CS Department
A presentation for CSE 549
09/10/02
Outline:
Why Perl?
Perl stands for Practical Extraction and Reporting Language. The first version was released in 1987 by Larry Wall. A lot of programming languages existed by that time so it was really something special that allowed Perl to become one of the most popular and widely used languages as it is now. Probably the most important feature of Perl is its ability to do various string operations such as matching and substitution easily.
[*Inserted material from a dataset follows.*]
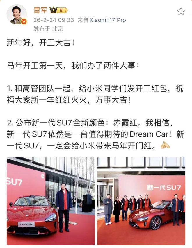 开工首日,雷军给员工发红包(多图) 访客 2026-02-24 15:56:05 68433 抢沙发 默认 2月24日,马年开工第一天,雷军和高管团队一起给员工发红包。现场十分热闹,雷军身边挤满员工,不少员工和雷军合影。雷军祝福大家新一年红红火火,万事大吉。此外,新一代SU7全新颜色“赤霞红”也正式亮相,是马年开门红的寓意。 标签: 马年 员工 海报 阅读 QQ 分享 微博分享 微信分享 分享 上一篇快手全员发开工红包:正式员工366元 下一篇蔚来春节累计换电超207万次,单站日服务近200次 快手全员发开工红包:正式员工366元上一篇 蔚来春节累计换电超207万次,单站日服务近200次下一篇 相关推荐 马年员工 西贝被曝降薪缓发、裁员赔偿分期1年,员工拒后被通知待岗 2026-03-04 快手全员发开工红包:正式员工366元 2026-02-24 百度发放开工红包:最高可得2026元 2026-02-24 小鹏2026年开工信:2026年将再增8000人 2026-02-24 Meta连续两年削减员工股权激励 2026-02-21 央媒看河南丨关注民俗展演等内容 2026-02-19 就是爱发钱,河南“爆金币”老板:把厚道做成经营根本 2026-02-14 酸了!河南一企业过年放假21天,老板:禁止加班、禁止打扰同事 2026-02-13 发表评论取消回复 快捷回复: 评论列表 (暂无评论,68433人围观)参与讨论 还没有评论,来说两句吧...
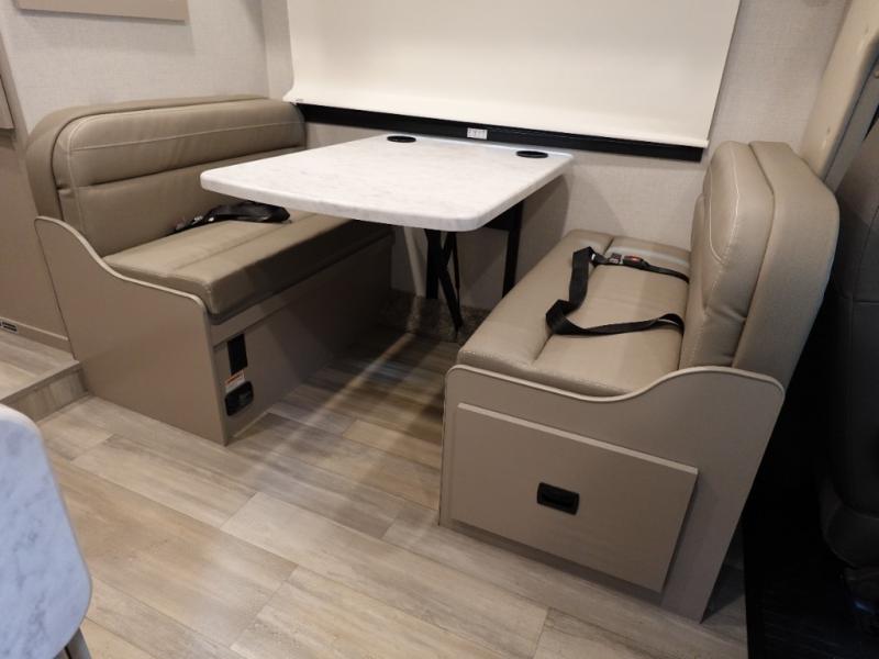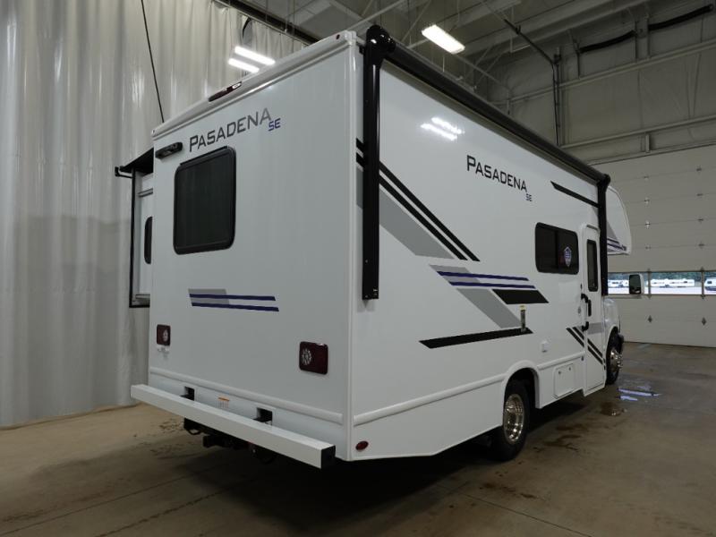 With any Pasadena SE Class C gas motorhome by Thor Motor Coach, you will find convenient amenities, a modern interior, and a reliable Chevy chassis. There is a one-piece fiberglass front cap, and premium one-piece roofing for added strength. Residential vinyl flooring will be easy to keep clean, and you'll love the LED lighting, pressed laminate countertops throughout, and full-extensions ball-bearing drawer guides. These motorhomes also include a generator and a 30-amp shoreline power cord to keep you going, along with a tankless water heater to ensure your comfort!

To demonstrate how powerful Perl might be here are solutions for a simple text processing problem in two languages: C++ and Perl. Suppose we want to remove identical words going one by one in a string regardless of their case. That is, given
This is is a a text with repeating words words.
we want to get
This is a text with repeating words.
The C++ program might look as follows:
char text[1024];
char
cur_word[1024], cur_word_upr[1024], next_word[1024], next_word_upr[1024];
// get a line
cin >> text;
istrstream string(text);
// get the 1st word
string.getline(cur_word, sizeof(cur_word), ' ');
// convert the 1st word to upper case to do non-case sensitive comparision
later
strcpy(cur_word_upr, cur_word);
strupr(cur_word_upr);
// get the 2nd word
string.getline(next_word, sizeof(next_word), ' ');
while (strcmp(next_word, "") != 0)
{
strcpy(next_word_upr, next_word);
strupr(next_word_upr);
// compare the word and the next word
if (strcmp(cur_word_upr, next_word_upr) == 0)
{
// same word detected
// do nothing
}
else
{
cout << cur_word << " "; cout.flush();
strcpy(cur_word, next_word);
strcpy(cur_word_upr, next_word_upr);
}
// get the next word
string.getline(next_word, sizeof(next_word), ' ');
}
cout << cur_word << endl;
}
while the solution in Perl is only 2 lines long:
$text = <STDIN>;
$text =~ s/\b(\w+)\s+\1\b/\1/gi;
Since different operations on strings are common in computational biology Perl became very popular among people in this field.
Our first Perl program: Goodbye, world!
The name of the program is "Goodbye, world!".
# Goodbye world program
print "Goodbye, world!\n";
die;
If you run it you will get something like this:
Goodbye, world!
Died at goodbye.pl line 4.
Data types and interpolation
We will consider the following data types:
scalar;
array;
hash.
A scalar is a single number or a string:
$a = 1;
$b = "text";
Variables in Perl should not be declared before they are used.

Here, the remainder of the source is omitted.